= Bayt al-Mal (Hezbollah) =

Hezbollah Bayt al-Mal, also known as Hezbollah Bayt al-Mal Lil Muslimeen or Unit 141, is a Hezbollah-controlled organization that performs financial services for the organization serving as Hezbollah’s unofficial “treasury” as it holds and invests in assets.

Bayt al-Mal operates under the direct supervision of Hezbollah Secretary General Naim Qassem. As Hezbollah's main financial body, Bayt al-Mal serves as a bank, creditor, and investment arm for Hezbollah. Husayn al-Shami is the head of Bayt al-Mal.

It has branch offices in:
Harat Hurayk, Beirut, Lebanon;
Burj Al-Barajinah, Lebanon;
Sidon, Lebanon;
Tyre, Lebanon;
Al-Nabatiyah, Lebanon;
Ba'albak, Lebanon; and
Hirmil, Lebanon.

Hezbollah Bayt al-Mal utilizes the Yousser Company for Finance and Investment to secure loans and finance business deals for Hezbollah companies.

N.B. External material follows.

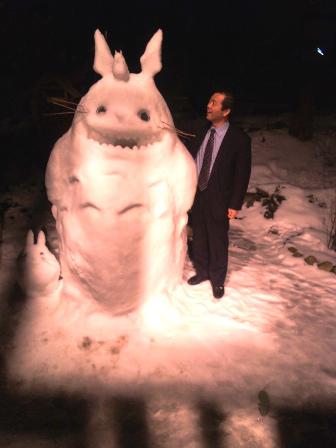 先日お伺いしたお客様のお庭にはトトロの雪だるまがありました。自宅の灯りでライトアップされています。そばに立ってみると人の背丈を越えたかなり大きいもの。今月6日大雪が降った翌日、お客様の友人がやって来てお昼から半日かけて二人で作ったものらしい。これまでもいつくかの雪だるまを作ったそうですがトトロ系が多かったと。どうもお客様の友人のお好みらしい。お二人とも年令は50才。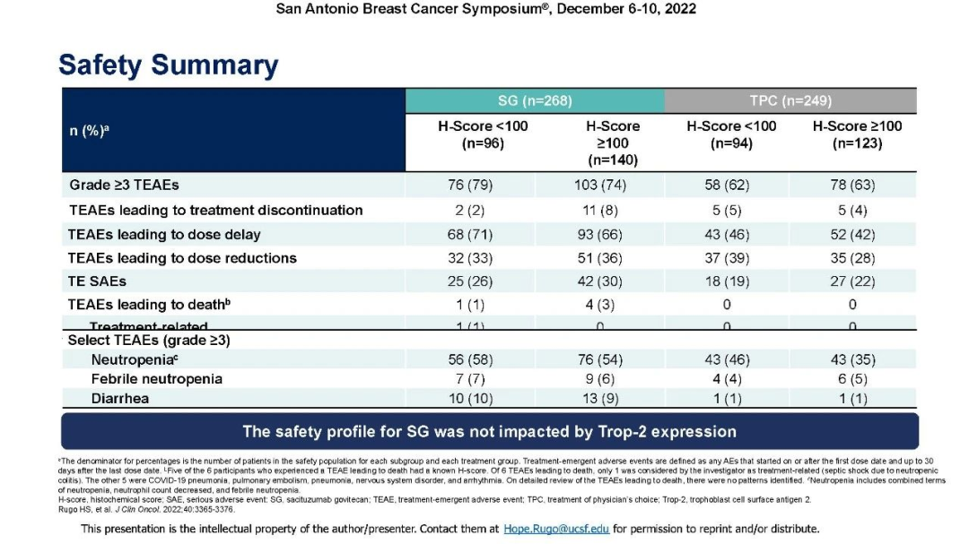 不同H评分患者的安全性基本一致,Trop-2表达水平与不良反应发生率无关,常见不良反应主要为中性粒细胞减少、发热性中性粒细胞减少、腹泻。

According to Mr. Stuart Levey, U.S. Department of Treasury's Under Secretary for Terrorism and Financial Intelligence (TFI),"Bayt al-Mal functions as Hezbollah's unofficial treasury, holding and investing its assets and serving as intermediaries between the terrorist group and mainstream banks."

The central headquarters of Bayt al-Mal was located in Hezbollah's stronghold in Beirut's southern suburbs.